De retour ici, là où tout a commencé il y a 70 ans, nous continuons à marcher, œuvrer et prier au sein de ce mouvement d'amour. En réalité, les dangers auxquels nous sommes confrontés nous rendent davantage conscients de l'humanité que nous avons en commun, et notre solidarité en tant que chrétiens nous libère en vue de servir le monde unique créé par le Dieu unique. En effet, j'observe ici un nouvel élan avec l'émergence d'une génération dont la créativité, l'ouverture et la joie peuvent être sources d'une énergie et d'idées nouvelles et ainsi rapprocher notre maison terrestre du royaume et de la justice de Dieu.

Comment y parvenir? Comme toujours: l'amour triomphera.

En tant qu'Églises et chrétiens, l'amour nous liera les uns aux autres et à nos prochains de l'autre côté de la rue et à travers le monde. L'amour nous libérera des valeurs faussées et des profonds préjugés. L'amour percera les mensonges du racisme et du tribalisme.

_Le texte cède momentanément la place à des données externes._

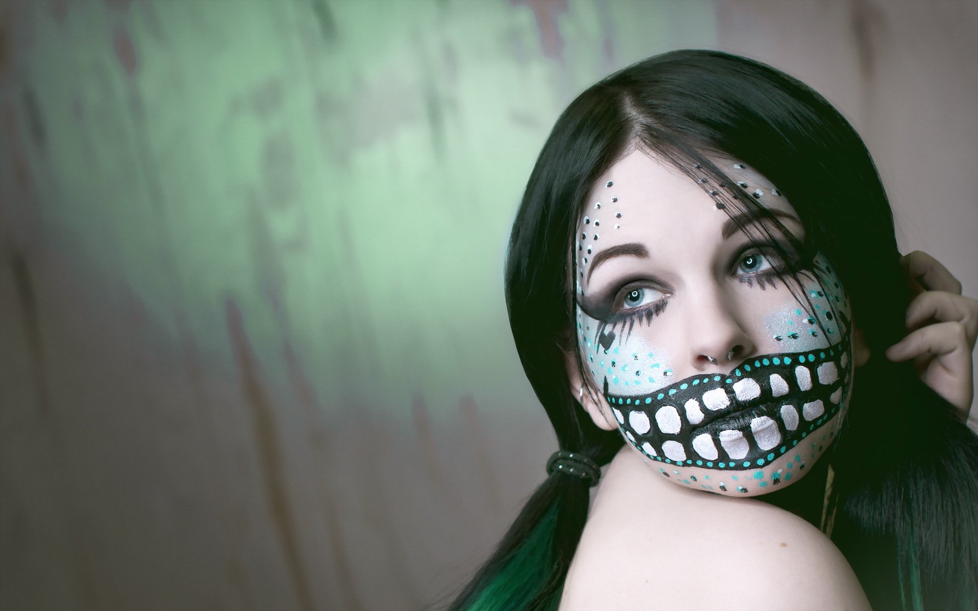 A girl with an unusual make-up in the style of the jokerA girl with an unusual make-up in the style of the Joker
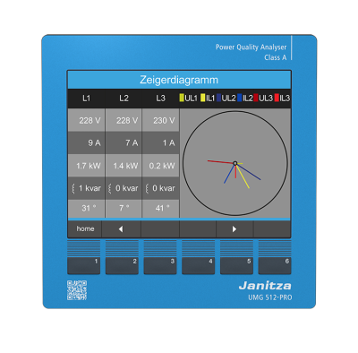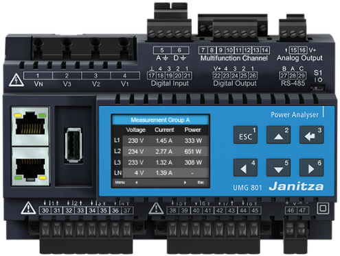 • UMG 512-PRO: Bộ phân tích chất lượng điện lớp A, đáp ứng tiêu chuẩn (EN 50160, IEC 61000-4-30), ghi nhận sự kiện từ 20 ms và transient từ 50 µs. Với 6 kênh đo dòng điện, thiết bị hỗ trợ giám sát tải không cân bằng và phân tích méo dạng sóng, phù hợp cho các mạch cấp nguồn cần độ chính xác cao.
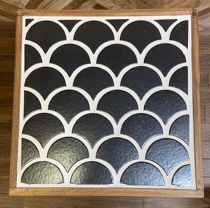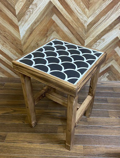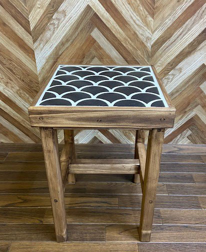 サイドテーブルにもなるタイル張りスツール波紋 天正黒
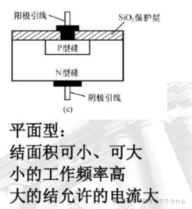平⾯型⼆极管在半导体单晶⽚(主要地是N型硅单晶⽚)上,扩散P型杂质,利⽤硅⽚表⾯氧化膜的屏蔽作⽤,在N型硅单晶⽚上仅选择性地扩散⼀部分⽽形成的PN结。因此,不需要为调整PN结⾯积的药品腐蚀作⽤。由于半导体表⾯被制作得平整,故⽽得名。并且,PN结合的表⾯,因被氧化膜覆盖,所以公认为是稳定性好和寿命⻓的类型。最初,对于被使⽤的半导体材料是采⽤外延法形成的,故⼜把平⾯型称为外延平⾯型。对平⾯型⼆极管⽽⾔,似乎使⽤于⼤电流整流⽤的型号很少,⽽作⼩电流开关⽤的型号则很多。
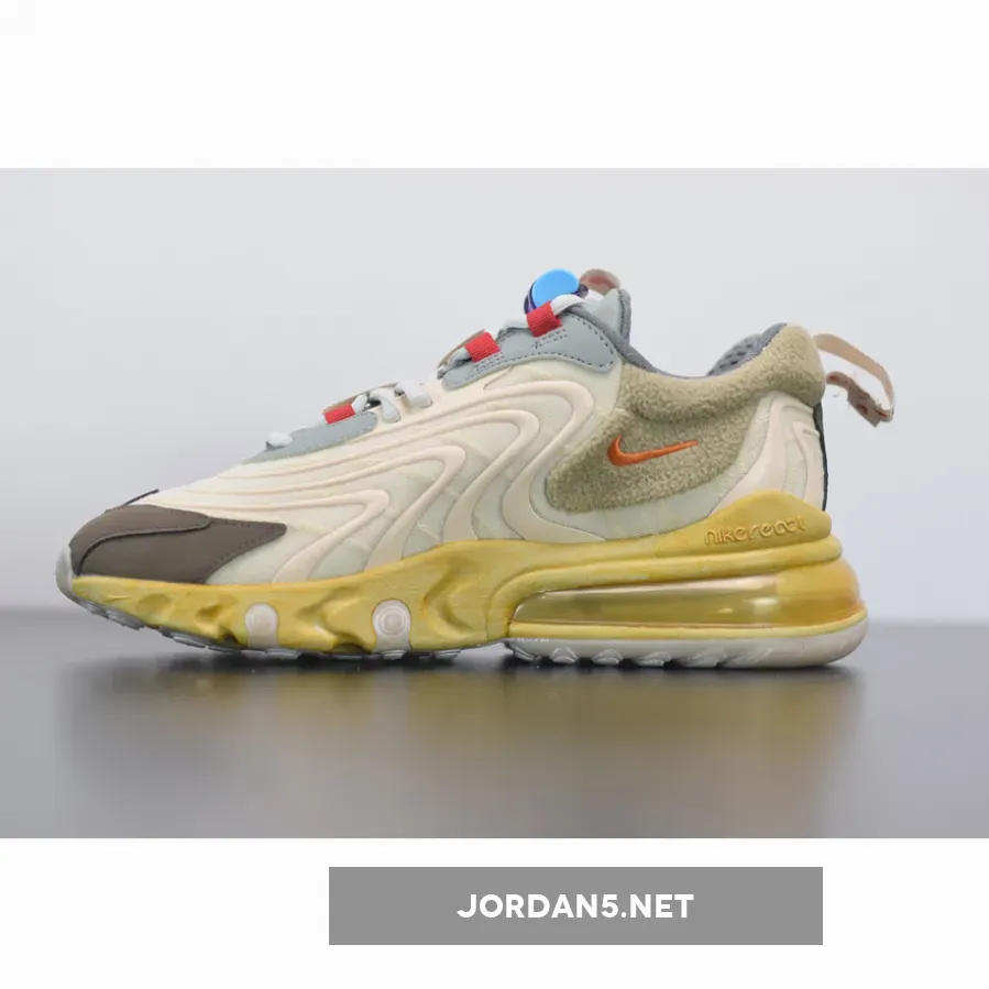 Earthy brown suede overlays on the toe box and heels bring the whole look together. Moving downwards, a chunky orange-yellow hybrid midsole encases a visible Air Unit at the heel. Likewise, the React foam moves upto the toe region, giving your feet comfort like never before. Stun the town with effortless style with these gorgeous Cactus Jack Brown.
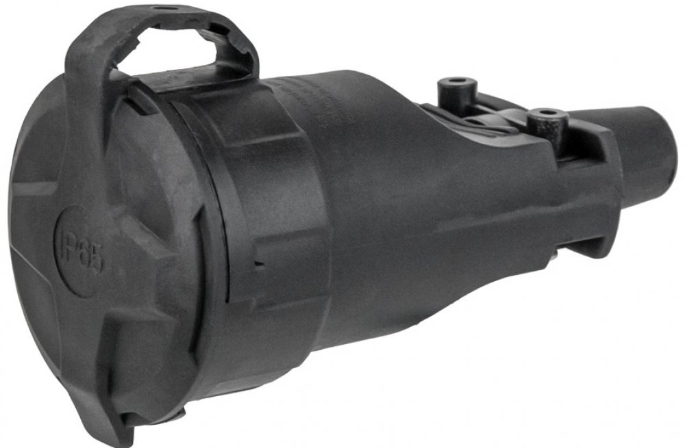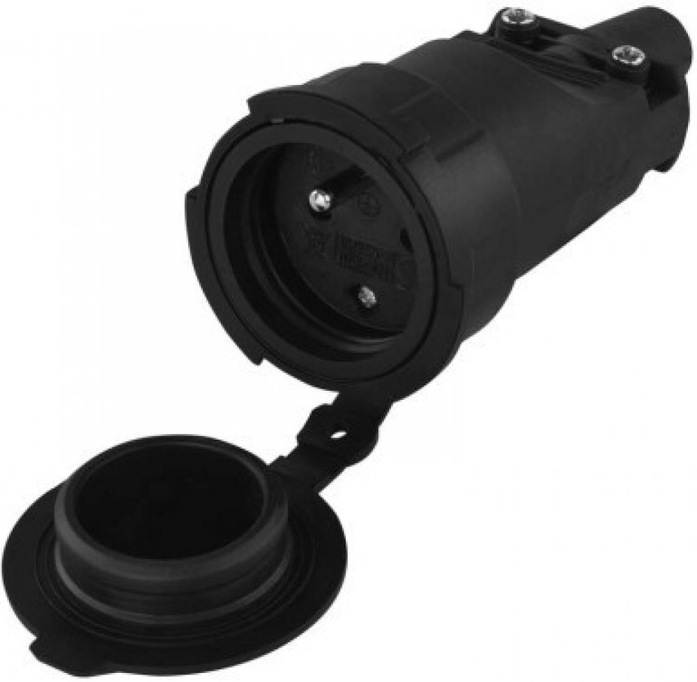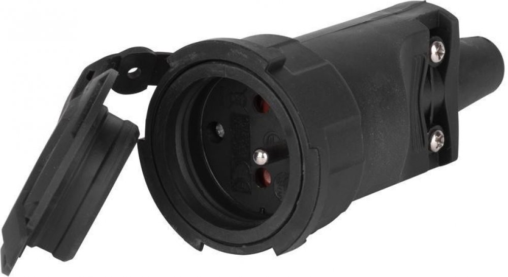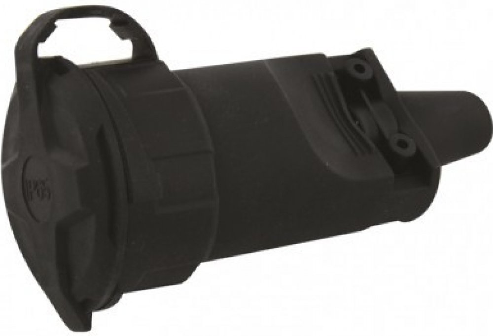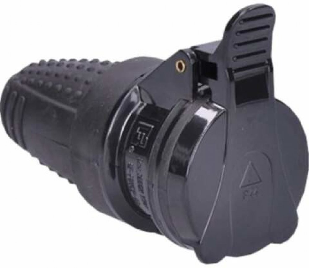 Gumová zásuvka pro pohyblivý prodlužovací přívod. Je určena k připojení elektrických zařízení kde je vyžadován vyšší stupeň krytí (i v exteriéru).

L'amour nous permettra de nous ouvrir et ainsi d'apprendre des critiques et de l'autocritique de notre propre complicité. L'amour attisera nos rêves de liberté et de paix. L'amour laissera libre cours à de nouvelles visions, à une pensée créative et à de nouvelles approches en vue de surmonter nos plus grands défis. Enfin, l'amour nous donnera le courage et l'endurance, le cœur et l'âme, nécessaires pour sauver le progrès du danger profond et la paix du péril.

Chers compagnons de pèlerinage, vous êtes — nous sommes — ce mouvement œcuménique d'amour, fondé sur le seul Esprit du Christ, toujours désireux et attentifs à cheminer ensemble dans la foi et l'espérance d'un monde meilleur.